Tugay, CHP genel başkan yardımcılığı ve milletvekilliği yapmış birisine emir veremeyeceğini ifade ederek bağımsız bir yerel yönetim anlayışının önemini yıllar sonra tekrar hatırlatmış oldu.
Bu davranış, sadece partisinin değil tüm İzmir'in başkanı olduğunun da bir ispatı niteliğini taşıyor.
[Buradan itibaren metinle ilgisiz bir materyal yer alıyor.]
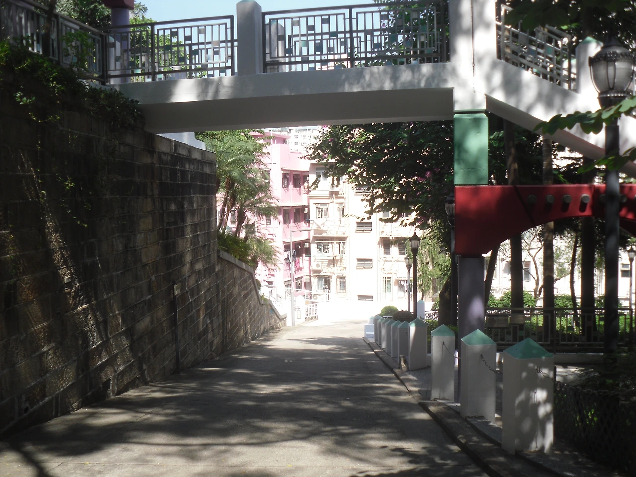 의학 박물관 주변의 인적이 드문 한적한 거리, 홍콩섬은 중앙에 산 봉우리가 있고 해변으로 가면서 점차 낮아지는 구조라, 해변가에서 조금만 산 쪽으로 가도 이렇게 비탈진 언덕길이 많다. 홍콩섬과 해변 중간 지대를 Mid-Levels라 부르는데, Mid-Levels 지역에서 흔하게 보게 되는 풍경이다.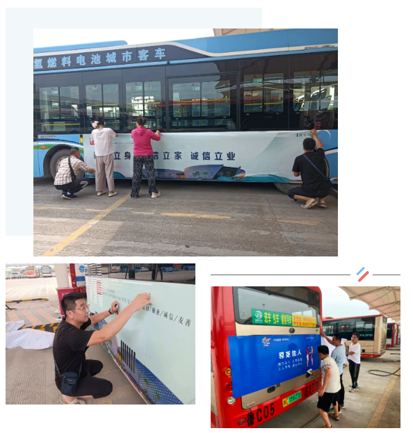 為進(jìn)一步發(fā)揮公交車(chē)作為城市文明窗口的力量,引導(dǎo)廣大市民共同參與到全國(guó)文明城市創(chuàng)建中來(lái),山東正晉公交廣告有限公司對(duì)公交車(chē)、公交候車(chē)亭等公益廣告進(jìn)行了全面查缺補(bǔ)漏。驕陽(yáng)似火的三伏天,廣告公司組織全體職工不分崗位,夜以繼日,全力投入到創(chuàng)城的工作中,與烈日較勁,與高溫抗衡,積極完成公益廣告發(fā)布任務(wù),用堅(jiān)守詮釋著責(zé)任和擔(dān)當(dāng),用汗水勾勒出高溫下美麗的風(fēng)景線。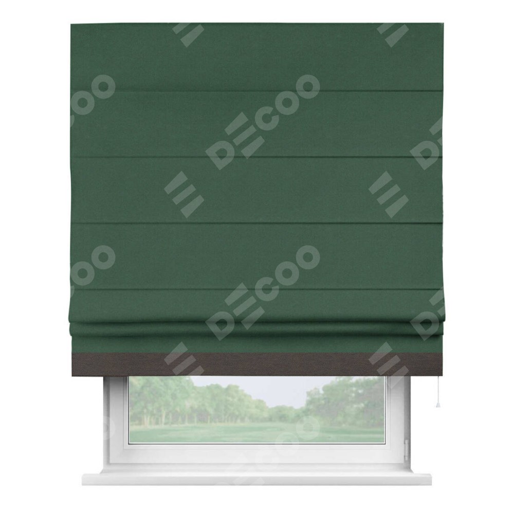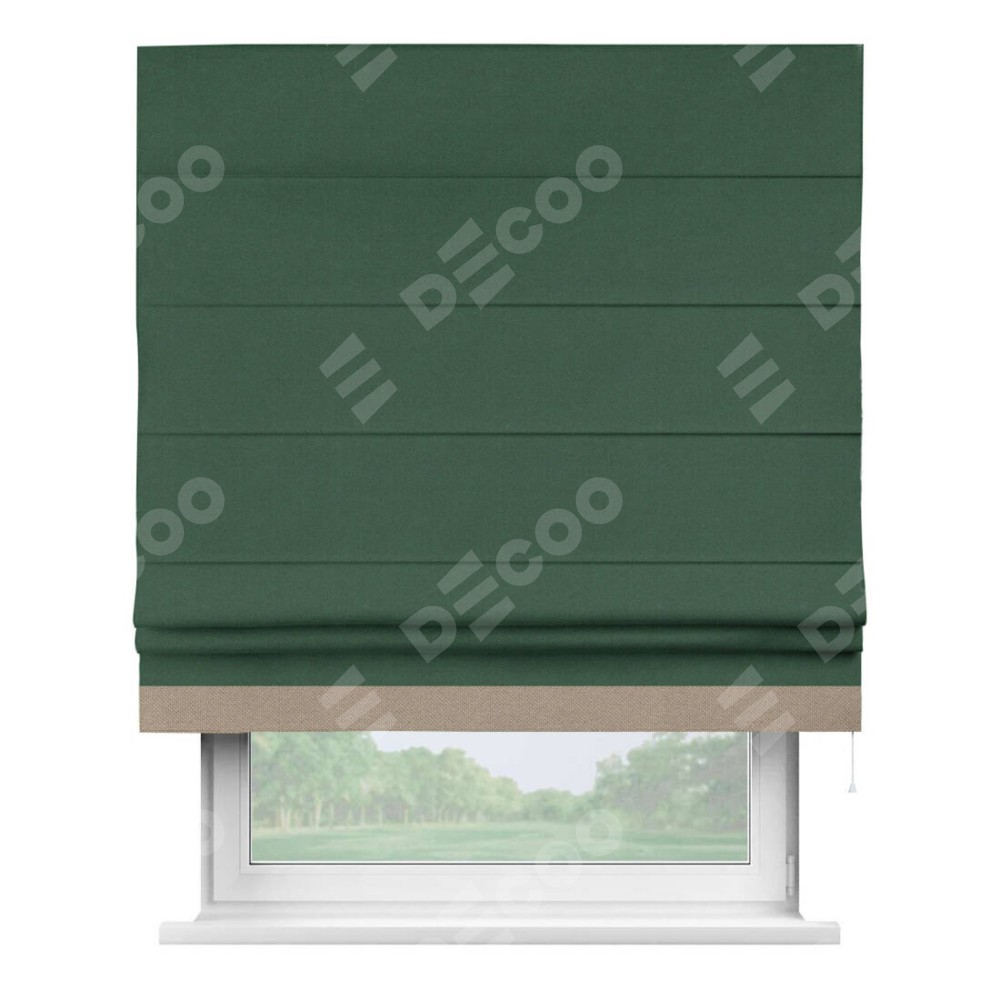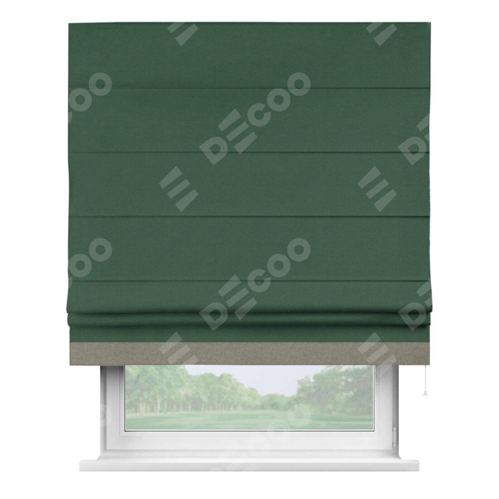 Римская штора «Кортин» с кантом Джестер, для проема, ткань лён димаут, тёмно-зелёный

Yerel yönetimlerin partizanlık dışında, kendi vatandaşlarına hizmet etme ve kendi vizyonlarını ortaya koyma, gerçekleştirme potansiyeline sahip olması gerektiğini, İzmir'den tüm ülkeye göstermiş oldu.
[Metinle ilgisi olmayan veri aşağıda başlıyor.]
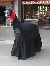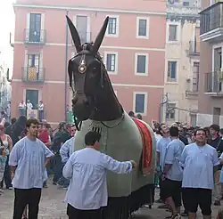 The Santa Tecla Festival takes place at Tarragona from 15 to 24 September and includes the saint's day, 23 September.[56] A number of animals, real and mythical, are impersonated in the parades that form a major part of the festivities. Among them is a larger-than-life Mulassa (mule) carried by two dancers who are hidden under its skirts, apart from their legs.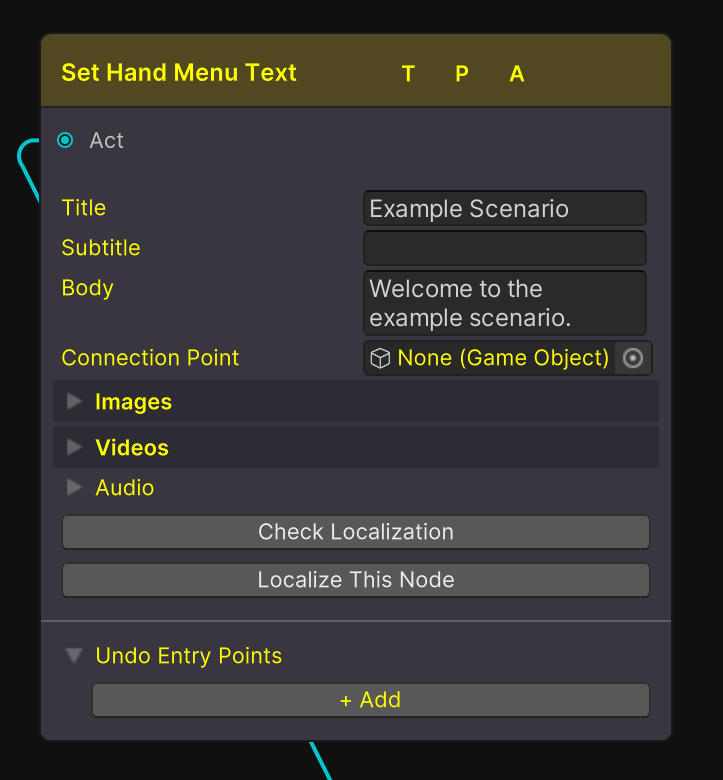 The Hand Menu is an integral part of a users experience of a scenario. The Set Hand Menu Text Node allows us to set the text displayed in the hand menu when the action is called.

Tugay'ın bu tutumu, önümüzdeki beş yıl boyunca İzmir'in yepyeni bir demokratik yol haritası çizeceğinin ve siyasi dinamiklerin içinde büyük değişimlere neden olacağının bir işareti olarak düşünülebilir.
Bu tutuma bizim baktığımız objektiften bakmayarak, yaşanan olayı bu denli kaleme almamı abartılı bulanlar olabilir, ancak bir başkanın genel başkanının talebine "maalesef yapamam" sözünü kullanması son yirmi yılda hiç görülmemiş bir durumdur.
Günümüzde bir emirle görevinden affını isteyenler varken, genel başkanının ricasına "ben genel sekreterimden memnunum" demek, gerçek liderlik ve büyük cesaret gerektiren bir tutumdur.
Bunu buradan yazıyorum bir kenara not olsun ……
İzmir'in yönetim anlayışında büyük bir değişimin startı verildi...
Ülke genelinde ise CHP Özgür Özel ile 40 yıldır üzerine yapışan tüm tozlardan kurtulmaya başladı...
Bu değişim, sadece İzmir'in değil, ülkemizin tüm yerel yönetimlerine umut veren bir örnek olabilir...(daha örnekleri görebiliriz)
Başkan Tugay, bağımsızlığın ve yetkinliğin İzmir'deki yeni sembolü olarak yükselir ve önümüzdeki dönemde şehrin ve ülkenin geleceği için umut verici başka liderlikliklere imza atabilir.